Dive Brief:
- A Missouri Senate committee yesterday approved a bill to allow Ameren Missouri to adjust rates for an aluminum smelting plant in the southeastern portion of the state, formerly operated by Noranda.
- The House approved the measure earlier this week, and St. Louis Public Radio reports the full Senate will take up the measure today.
- A similar plan was floated last year in an effort to make the smelting facility more competitive, but it failed to advance over concerns that too much rate oversight would have been stripped from the Public Service Commission.
Dive Insight:
Missouri lawmakers believe allowing the PSC to negotiate lower rates with the company operating the aluminum smelting plant will create jobs in the state. Before the bill went to the Senate, the House added an amendment that would allow Ameren Missouri to negotiate rates with other large industrial consumers as well.

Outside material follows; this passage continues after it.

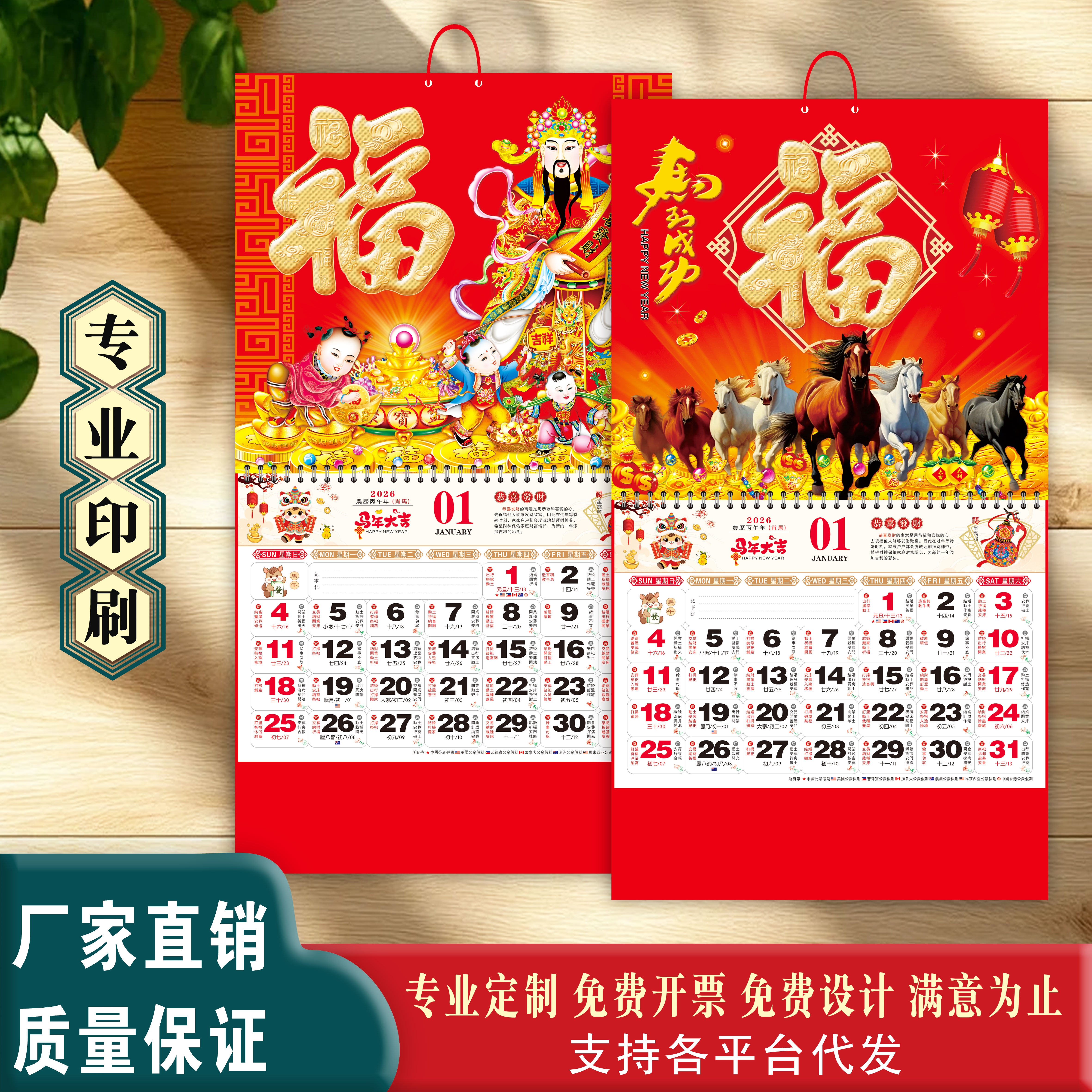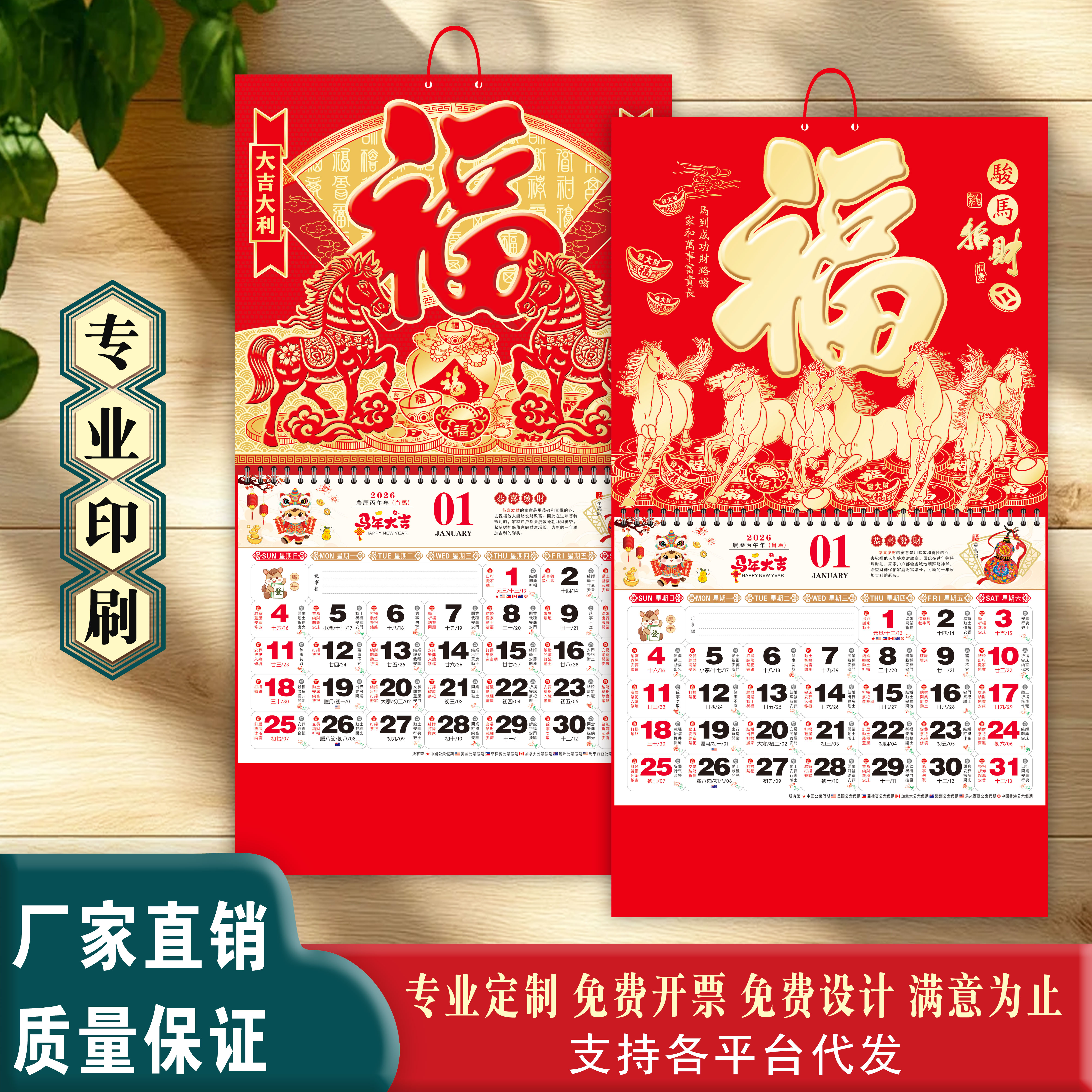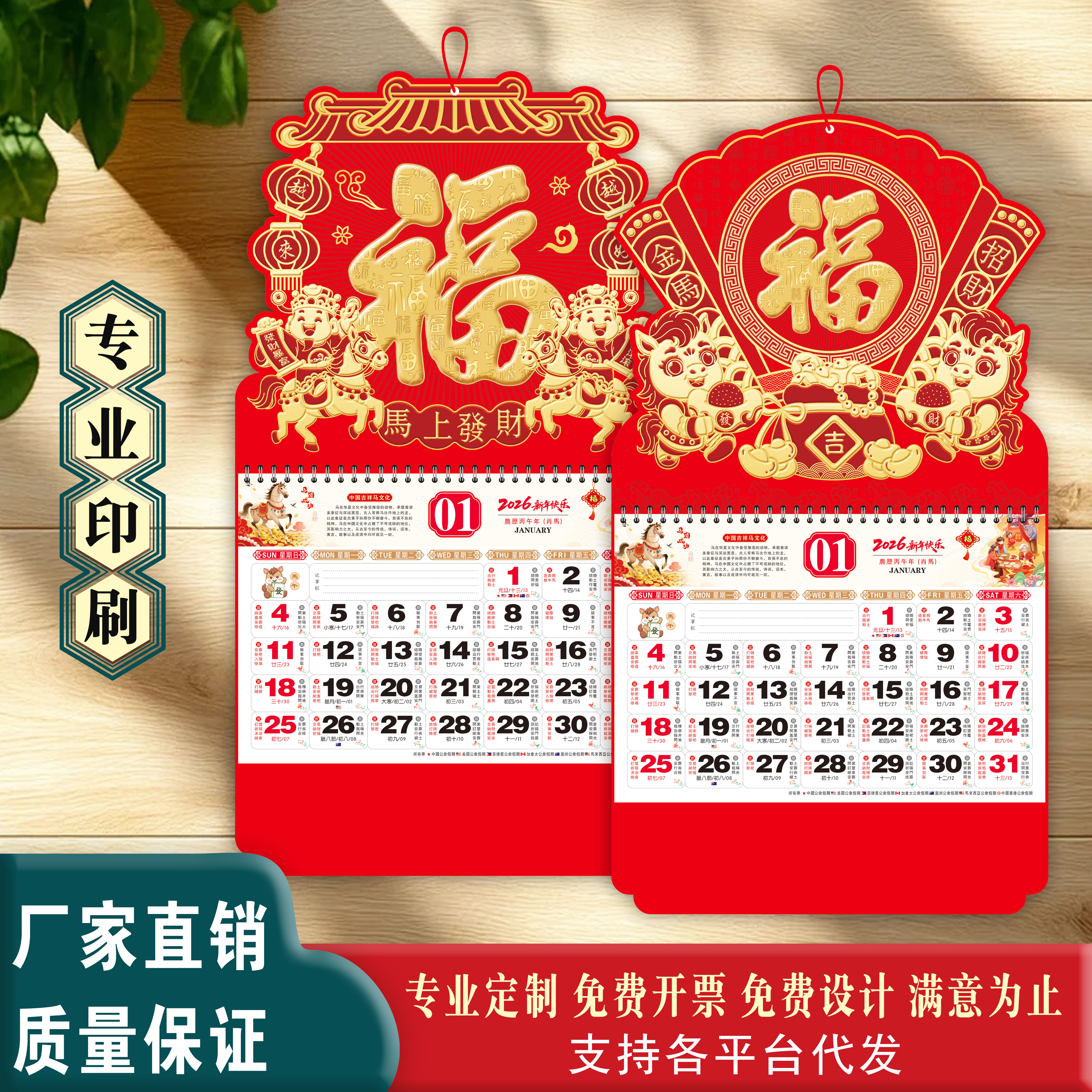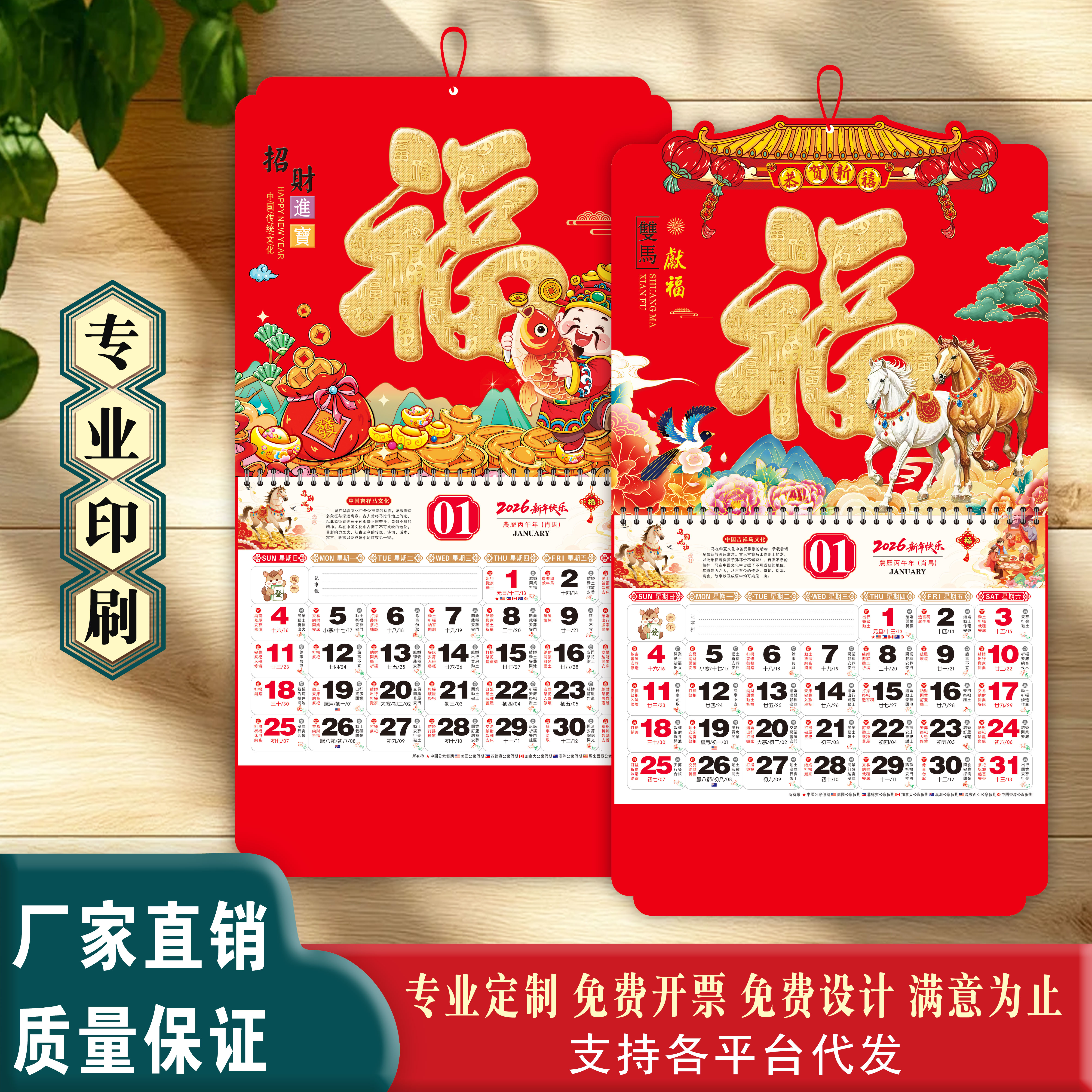 2026年马年新款挂历定制金箔福字月历手撕日历广告定做吊牌礼品

“You could have a car company decide to build the largest new car plant in the world,” Rep. Jay Barne (R) told St. Louis Public Radio. “You could have a company with some new product that we’ve never heard of today that wants to come into Missouri 30 years from now.”
As for the smelting facility, St. Louis Post-Dispatch columnist Tony Messenger reports India's Sumangala Steel will be managing the plant.
Last spring, Noranda Aluminum told lawmakers that its 900-employee facility could potentially be restarted if it was allowed to purchase electricity at a lower price. Ameren and Noranda argued that policies adopted domestically and internationally have made the smelter's energy costs uncompetitive.
The bill proposed last session would have made rate increases largely formulaic, which caused lawmakers to balk.The proposal would have allowed utilities to set rates based on prior-year's costs, speeding the company's ability to invest in and modernize the distribution grid. The new version of the bill would require companies to prove they need the lower rate to be competitive.